Union Force Snowboard Bindings 2010


----------



## luke89 (Mar 12, 2010)

wolfbaden6 said:


> Union Force Snowboard Bindings 2010


Thanks but that only comes in white. I don't mean to be picky but if I'm gonna spend that kinda money on a pair of bindings i want to like the color. I guess my main question is if I wait awhile will they come back in stock. But if someone knows a way to get them now that'd b sweet too.


----------



## wolfbaden6 (Feb 16, 2010)

luke89 said:


> Thanks but that only comes in white. I don't mean to be picky but if I'm gonna spend that kinda money on a pair of bindings i want to like the color. I guess my main question is if I wait awhile will they come back in stock. But if someone knows a way to get them now that'd b sweet too.


Sorry dude. I saw the green picture and "in stock" so I assumed that the green ones were in.


----------



## Extremo (Nov 6, 2008)

The greens are pretty much gone...I'd look on ebay. The rad colorways for next year are yellow and blue.


----------



## Guest (Mar 21, 2010)

There is a dealer locator page on their site (it found one in my area and I'm in Tennessee). I'd also look at sierrasnowboards.com if you can't find any elsewhere. They collaborated with union to make a set of union/sierra bindings. And also google: union force bindings - Google Product Search


----------



## luke89 (Mar 12, 2010)

wolfbaden6 said:


> Sorry dude. I saw the green picture and "in stock" so I assumed that the green ones were in.


I did the same thing lol. I was pretty pumped and went to order them and it said white L/XL. Its cool though I appreciate the help.


----------



## luke89 (Mar 12, 2010)

Does anyone know if the green colorway will be available when they come out with next seasons? I saw Extremo said yellow and blue would be available but what about green. But I would much rather get the '10s because it would be cheaper I think. Also i checked the local retailer listings and the closest to me is 2 hours away but they out too. Anyone know of a website that might have them?


----------



## SpeechRider (Mar 18, 2010)

Go to Craiglook: Craigslist Search. It searches every CL site in the US.

A guy on there a couple of weeks ago had a pair of green Forces for $70 somewhere in MN. Lakeville, MN, I think? He might still have them.

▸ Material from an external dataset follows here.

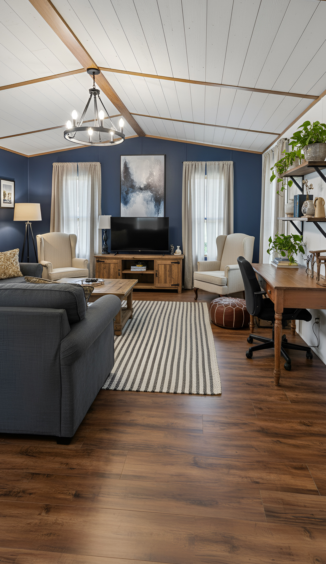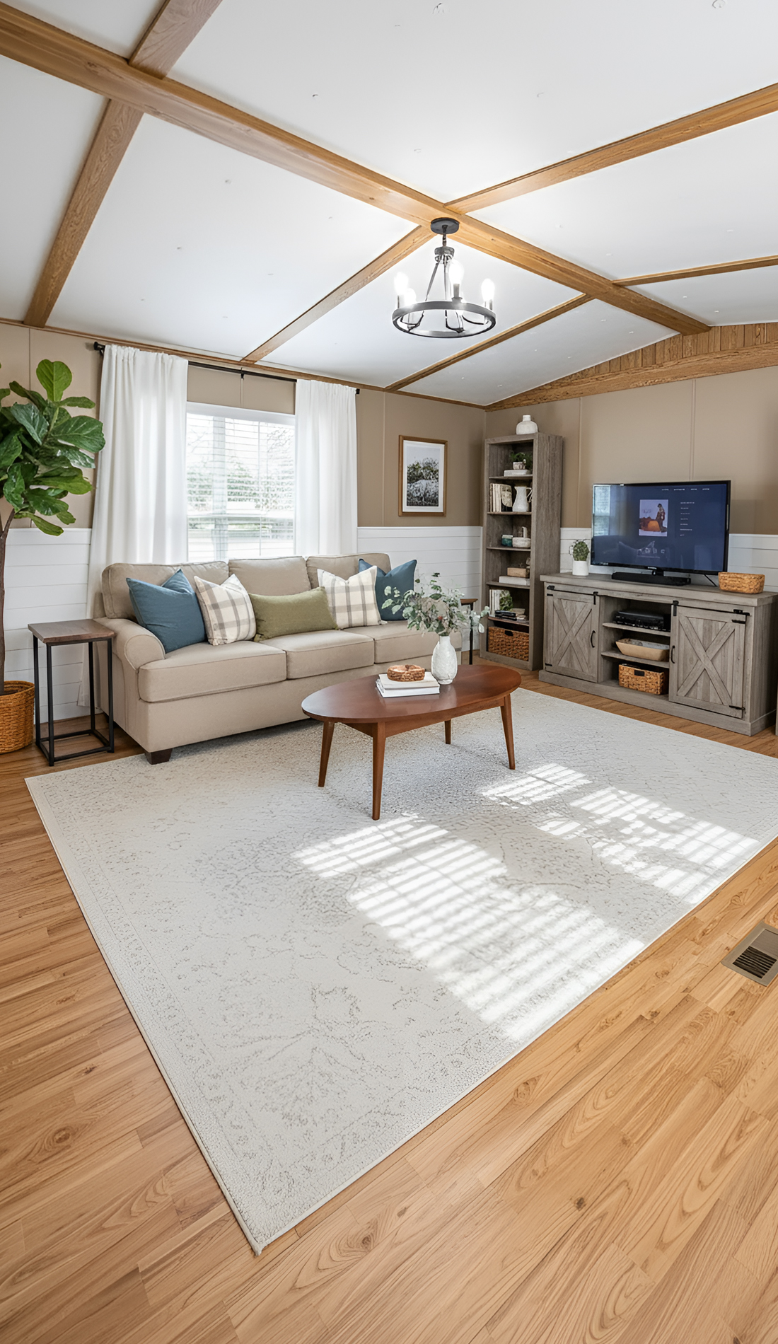 The ceiling beams play a big role here. They break up the large white ceiling and give the room quiet structure. Because the beams are slim and painted white, they keep the look crisp rather than rustic-heavy. That works well in a single wide where too much visual weight can close the room in.

Also, on this forum's classifieds, a member was selling a pair of Force SLs as of last week.


----------



## karmatose (Dec 21, 2009)

My local shoppe has them on hand. You can buy online, but beware.. They won't come cheap. They're the kind of shop you have to walk into to get a deal.

Link.


----------



## luke89 (Mar 12, 2010)

karmatose said:


> My local shoppe has them on hand. You can buy online, but beware.. They won't come cheap. They're the kind of shop you have to walk into to get a deal.
> 
> Link.


WOW. You werent kidding they charge a shit load. Their only 200 new. Thanks for the link but I cant pay $100 over retail. I just dont think its a fair price. Im sure in the store their more reasonably priced but for that price ill wait till next season and buy the '11s. I was hoping for the '10s to save money but if not oh well. If anyone knows anything id appreciate it though. Thanks


----------



## karmatose (Dec 21, 2009)

Keep in mind, it is Canadian dollars. But yeah, their prices are way out of line for end of season. I tell ya what. I know they'll still have some come their end of season sale in a month or so. If they do, maybe I can pick them up for you. Keep me posted.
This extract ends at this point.